SoftbearStudios / bitcode

A binary encoder/decoder for Rust
https://crates.io/crates/bitcode/
MIT License
331 stars 17 forks source link

Is it possible to encode recursive types? #35

Open artegoser opened 2 weeks ago

artegoser commented 2 weeks ago

image

image

image

In serde version there is error: type changed

finnbear commented 2 weeks ago

Recursive types are not implemented (edit: for Encode) and would be tricky to implement based on how bitcode@0.6 encodes nested values. You can use bitcode@0.5 instead, which works very differently and has a #[bitcode(recursive)] attribute for Encode.

Edit: for serde, see https://github.com/SoftbearStudios/bitcode/issues/35#issuecomment-2323156232

artegoser commented 2 weeks ago

Thx. So, is this feature not planned? Or will it be possible again someday?

finnbear commented 2 weeks ago

Not currently planned, but the documentation could be more clear about this so I'll leave the issue open.

caibear commented 1 week ago

Can use 0.6 with serde if you remove serde untagged from your enums. Serde untagged breaks most binary formats even if some don't complain right away.

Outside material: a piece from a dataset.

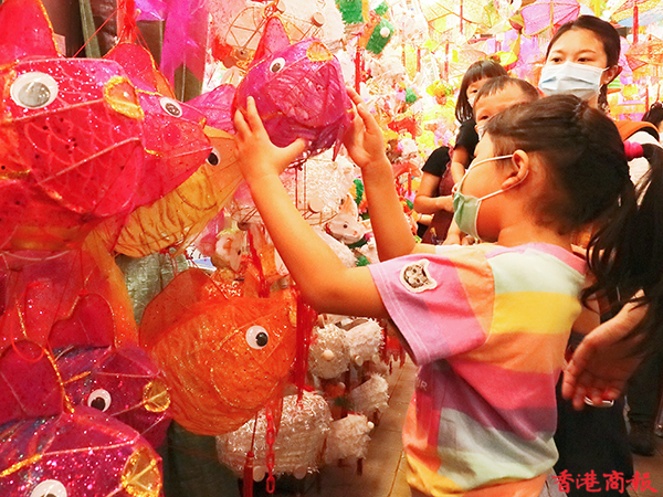 這裏的燈籠造型精緻,放在一起形成壯觀畫面,猶如置身古代的花燈會,除了區內市民外,也吸引不少外區人士慕名前來打卡、購買,雖然是戴着口罩,但大人小童的歡笑驚嘆聲依然此起彼落。(記者馮瀚文 攝)

artegoser commented 1 week ago

Yes, it works, only the purpose in reducing the amount of data is not fulfilled. In this case enum identifier is written, which significantly increases the file size. I compared with dlhn, however it cannot decode this. The size becomes larger than my daletpack format, which does not compress well. Is it possible to implement serde(untagged) support in your case?

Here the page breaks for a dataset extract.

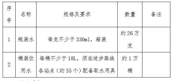 1、主要內(nèi)容:合作供應商負責在徒步當天為佛山五區(qū)報名參與徒步的市民及相關工作人員提供飲用水服務,詳細需求如下(以下數(shù)據(jù)供參考):

finnbear commented 1 week ago

Is it possible to implement serde(untagged) support in your case?

No, because #[serde(untagged)] works by trying all possible variants until one deserializes. No version of bitcode is self-describing, so it's possible that the wrong variant would deserialize without an error but the data would be corrupt.

Consider the case of #[serde(untagged)] enum { Big(u16), Small(u8) }. If you serialized Small(5) with serde_json, it would deserialize as Big(5). In bitcode, #[serde(untagged)] enum { Int(usize), Str(String) } could have the worse problem that bytes from a string encoding could be interpreted as an integer. Data corruption is not something we tolerate in bitcode, although most likely the entire message would fail to deserialize.

Making bitcode self-describing (per-instance, to support #[serde(untagged)]) would probably cost much more data than the enum variants that #[serde(untagged)] tries to omit.

The #[serde(untagged)] feature is better for textual formats like JSON, where different types have disjoint prefixes like [ or {.

The size becomes larger than my daletpack format

If you can provide specific details (schema + encoding) of how you can outperform bitcode on size, that would be interesting :eyes:

artegoser commented 1 week ago

If you can provide specific details (schema + encoding) of how you can outperform bitcode on size, that would be interesting 👀

This format is specifically designed for my schema, but it doesn't compress well (I'm not very knowledgeable about how to optimize this), so I'm looking for solutions that are already out there. It's not for all data types, so it won't help you.

For my format, I had the idea of exposing each type (if it's an enum) and writing a separate identifier for each one.

For example

enum Enum {
  First(Other),
  Second(Other)
}

enum Other {
  String(String),
  Num(u8)
}

Enum in this case has 4 binary identifiers for each type

Enum::FirstString Enum::FirstNum

Enum::SecondString Enum::SecondNum

I don't know how procedurally realizable this is, but it should work. I don't know if this structure compresses well either.

I partially implemented this in the daletpack scheme (but still eventually would like to do it for all types and procedurally)

caibear commented 1 week ago

After running your benchmark it looks like various formats take ~300 bytes. I would recommend testing on a larger dataset if you want to accurately benchmark compression. Compression algorithms are generally inefficient in terms of size and speed on input smaller than tens of kilobytes.

Also zlib is just a wrapper of deflate.

DontBreakAlex commented 1 day ago

Hi ! I have a few types that contain serde_json::Valuess, and I also get a panic with type changed. I checked and it seems that serde_json is not using #[serde(untagged)]. What's going on ?

finnbear commented 1 day ago

I recently added a warning to the README about this; serde_json::Value has a custom Serialize implementation that is very similar to an untagged enum.